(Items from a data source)
********

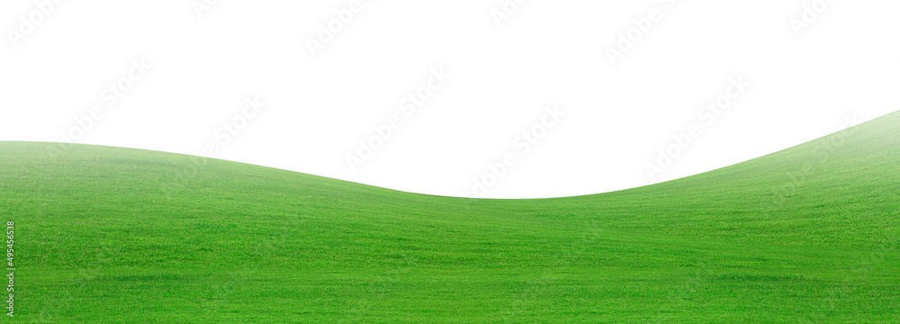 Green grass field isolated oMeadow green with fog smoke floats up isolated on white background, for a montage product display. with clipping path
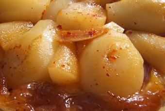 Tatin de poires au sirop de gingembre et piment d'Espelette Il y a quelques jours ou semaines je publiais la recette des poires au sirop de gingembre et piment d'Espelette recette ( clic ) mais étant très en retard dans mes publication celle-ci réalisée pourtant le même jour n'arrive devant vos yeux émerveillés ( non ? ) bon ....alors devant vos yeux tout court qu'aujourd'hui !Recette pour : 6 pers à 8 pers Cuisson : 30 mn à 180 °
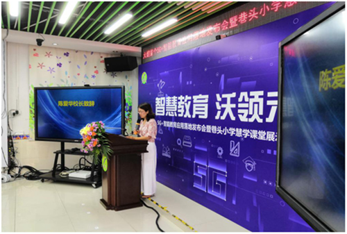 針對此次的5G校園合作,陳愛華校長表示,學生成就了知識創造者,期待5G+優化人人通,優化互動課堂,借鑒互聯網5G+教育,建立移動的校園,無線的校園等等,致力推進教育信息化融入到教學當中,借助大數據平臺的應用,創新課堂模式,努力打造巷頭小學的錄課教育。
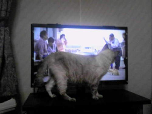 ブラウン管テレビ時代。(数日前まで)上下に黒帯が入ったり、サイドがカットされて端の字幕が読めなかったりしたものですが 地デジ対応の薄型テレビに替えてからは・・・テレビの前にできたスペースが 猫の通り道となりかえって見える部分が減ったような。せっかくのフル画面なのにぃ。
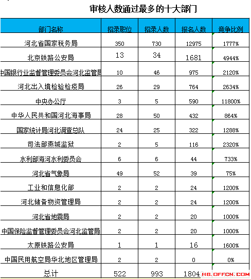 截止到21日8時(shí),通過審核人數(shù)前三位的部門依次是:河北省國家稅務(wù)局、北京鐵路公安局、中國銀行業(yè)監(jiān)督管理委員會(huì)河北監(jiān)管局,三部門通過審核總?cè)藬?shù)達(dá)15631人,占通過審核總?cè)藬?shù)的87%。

********

ASSIGNMENT >> Go through the entries and retype them exactly, except for the images.

TASK ANSWER >>
 Green grass field isolated oMeadow green with fog smoke floats up isolated on white background, for a montage product display. with clipping path
 Tatin de poires au sirop de gingembre et piment d'Espelette Il y a quelques jours ou semaines je publiais la recette des poires au sirop de gingembre et piment d'Espelette recette ( clic ) mais étant très en retard dans mes publication celle-ci réalisée pourtant le même jour n'arrive devant vos yeux émerveillés ( non ? ) bon ....alors devant vos yeux tout court qu'aujourd'hui !Recette pour : 6 pers à 8 pers Cuisson : 30 mn à 180 °
 針對此次的5G校園合作,陳愛華校長表示,學生成就了知識創造者,期待5G+優化人人通,優化互動課堂,借鑒互聯網5G+教育,建立移動的校園,無線的校園等等,致力推進教育信息化融入到教學當中,借助大數據平臺的應用,創新課堂模式,努力打造巷頭小學的錄課教育。
 ブラウン管テレビ時代。(数日前まで)上下に黒帯が入ったり、サイドがカットされて端の字幕が読めなかったりしたものですが 地デジ対応の薄型テレビに替えてからは・・・テレビの前にできたスペースが 猫の通り道となりかえって見える部分が減ったような。せっかくのフル画面なのにぃ。
 截止到21日8時(shí),通過審核人數(shù)前三位的部門依次是:河北省國家稅務(wù)局、北京鐵路公安局、中國銀行業(yè)監(jiān)督管理委員會(huì)河北監(jiān)管局,三部門通過審核總?cè)藬?shù)達(dá)15631人,占通過審核總?cè)藬?shù)的87%。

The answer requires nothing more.